Add a static-analyzer.py script that uses libclang's Python bindings to
provide a common framework on which arbitrary static analysis checks can
be developed and run against QEMU's code base.

As an example, a simple check is included that verifies that the return
value of static, non-void functions is used by at least one caller.

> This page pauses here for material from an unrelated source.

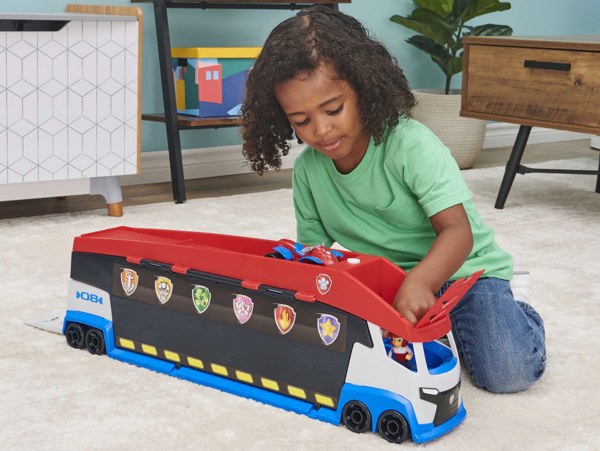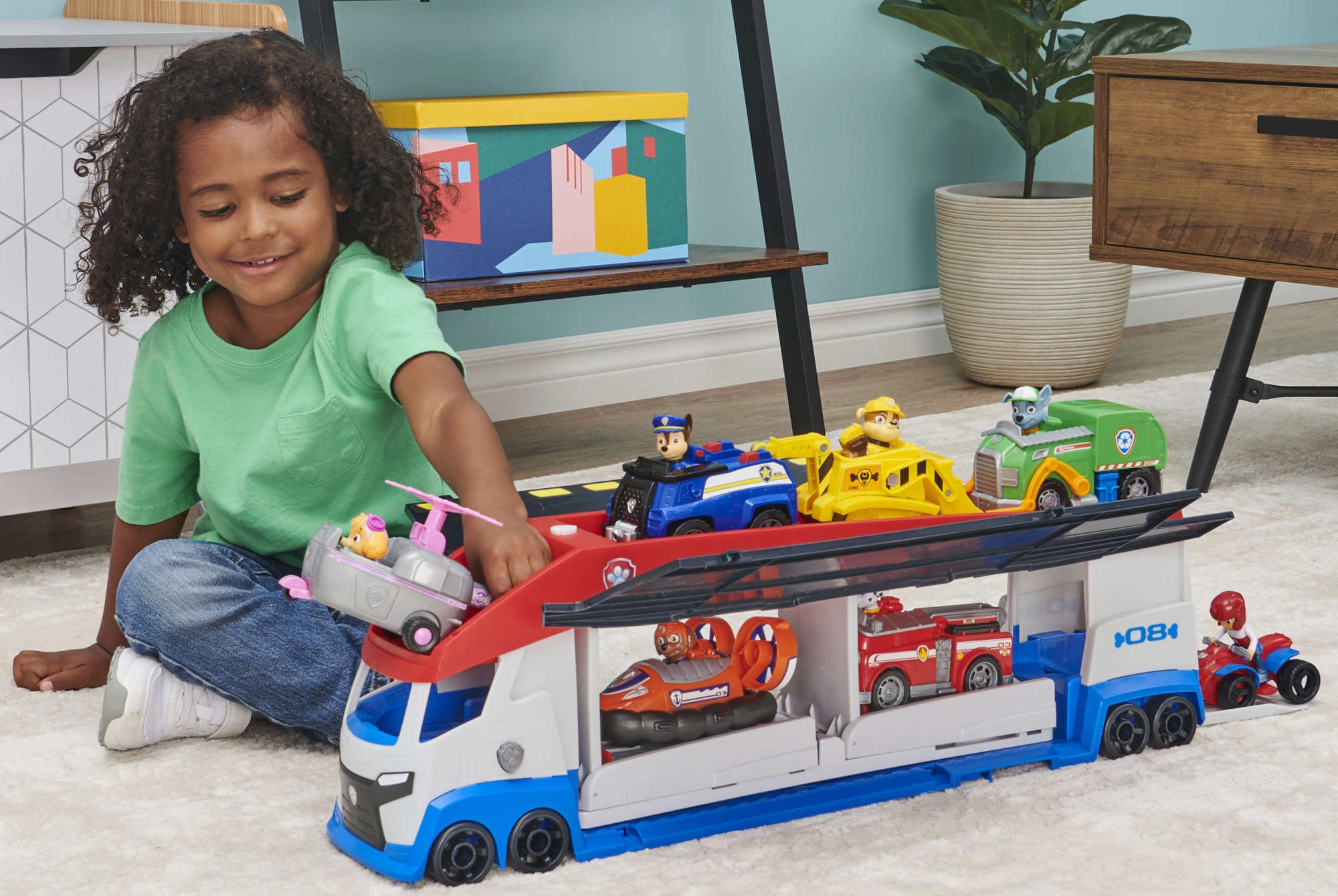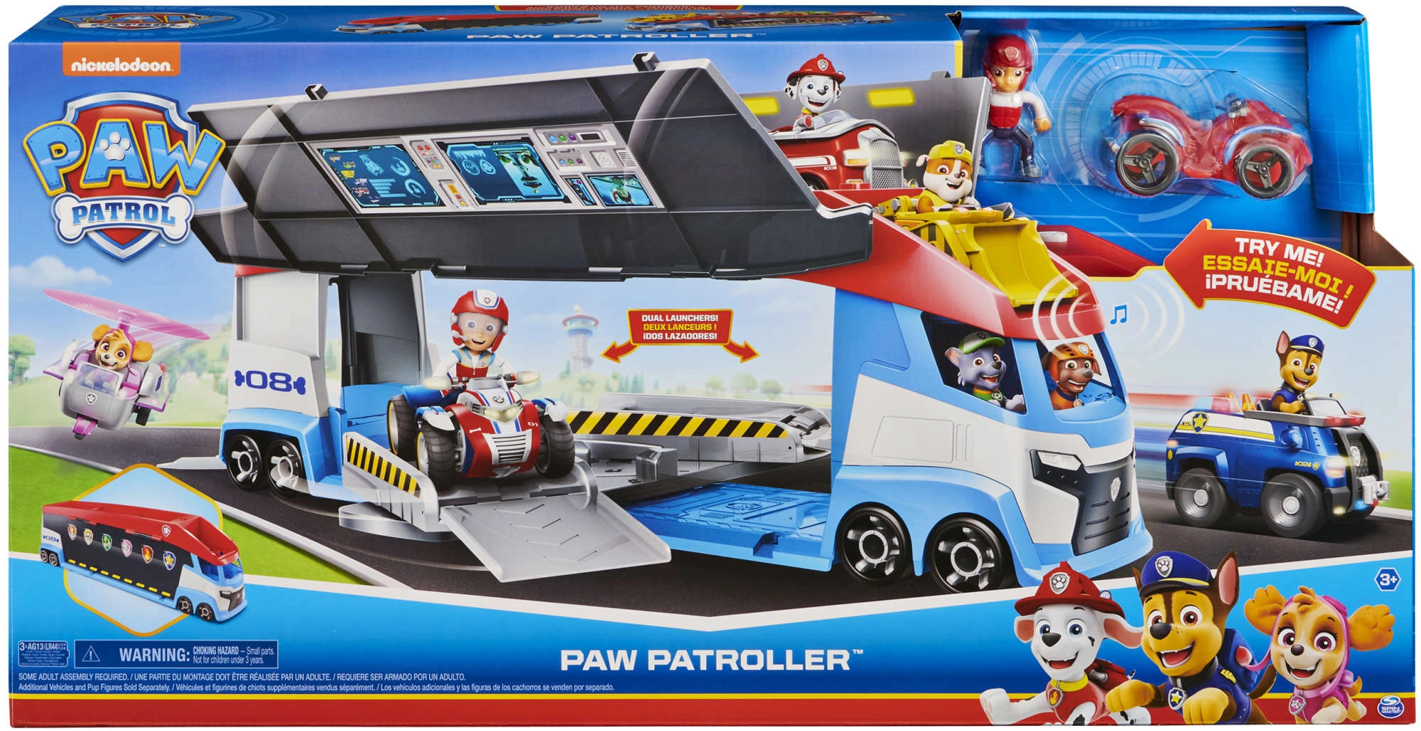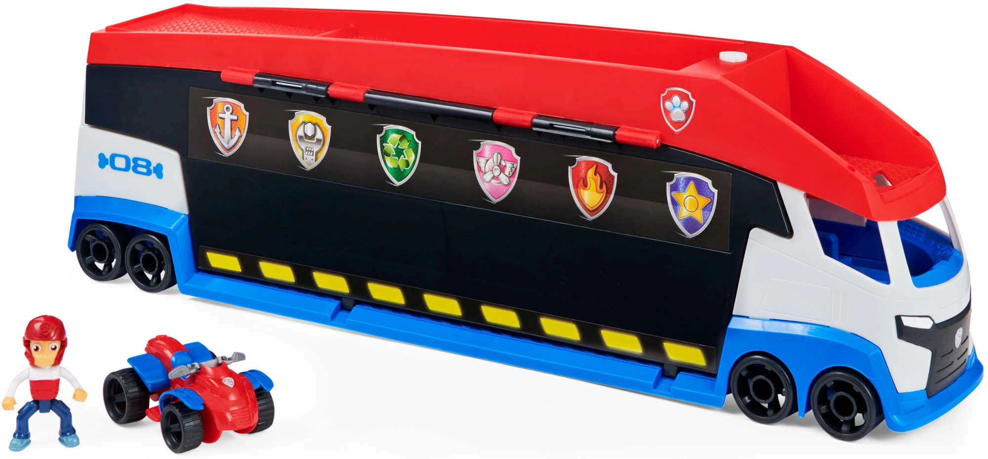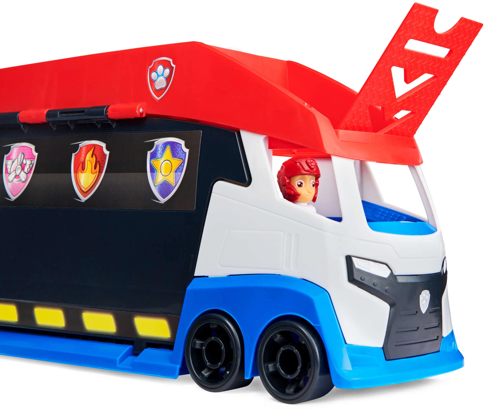 A járőr könnyedén akár 6 járművet szállít (kompatibilis a standard PAW PATROL autókkal), 2 kilövővel rendelkezik a gyors akciókezdéshez és felnyíló oldalsó ajtókkal a zökkenőmentes felhajtáshoz. A mellékelt Ryder figura és a quad segítségével a gyerekek azonnal bevetésre indulhatnak.

Signed-off-by: Alberto Faria <afaria@redhat.com>
---
 static-analyzer.py | 509 +++++++++++++++++++++++++++++++++++++++++++++
 1 file changed, 509 insertions(+)
 create mode 100755 static-analyzer.py
diff --git a/static-analyzer.py b/static-analyzer.py
new file mode 100755
index 0000000000..010cc92212
--- /dev/null
+++ b/static-analyzer.py
@@ -0,0 +1,509 @@
+#!/usr/bin/env python3
+# ---------------------------------------------------------------------------- #
+
+from __future__ import annotations
+
+from dataclasses import dataclass
+import json
+import os
+import os.path
+import subprocess
+import sys
+import re
+from argparse import ArgumentParser, Namespace, RawDescriptionHelpFormatter
+from multiprocessing import Pool
+from pathlib import Path
+from typing import (
+    Any,
+    Callable,
+    Dict,
+    Iterable,
+    List,
+    NoReturn,
+    Optional,
+    Mapping,
+    Sequence,
+    Tuple,
+)
+
+# ---------------------------------------------------------------------------- #
+
+from clang.cindex import (  # type: ignore
+    Cursor,
+    CursorKind,
+    Diagnostic,
+    StorageClass,
+    TranslationUnit,
+    TranslationUnitLoadError,
+    TypeKind,
+)
+
+Cursor.__hash__ = lambda self: self.hash  # so `Cursor`s can be dict keys
+
+# ---------------------------------------------------------------------------- #
+# Usage
+
+
+def parse_args() -> Namespace:
+
+    available_checks = "\n".join(f"  {name}" for (name, _) in CHECKS)
+
+    parser = ArgumentParser(
+        formatter_class=RawDescriptionHelpFormatter,
+        epilog=f"""
+available checks:
+{available_checks}
+
+exit codes:
+  0  No problems found.
+  1  Analyzer failure.
+  2  Bad usage.
+  3  Problems found in a translation unit.
+""",
+    )
+
+    parser.add_argument("build_dir", type=Path)
+
+    parser.add_argument(
+        "translation_units",
+        type=Path,
+        nargs="*",
+        help=(
+            "Analyze only translation units whose root source file matches or"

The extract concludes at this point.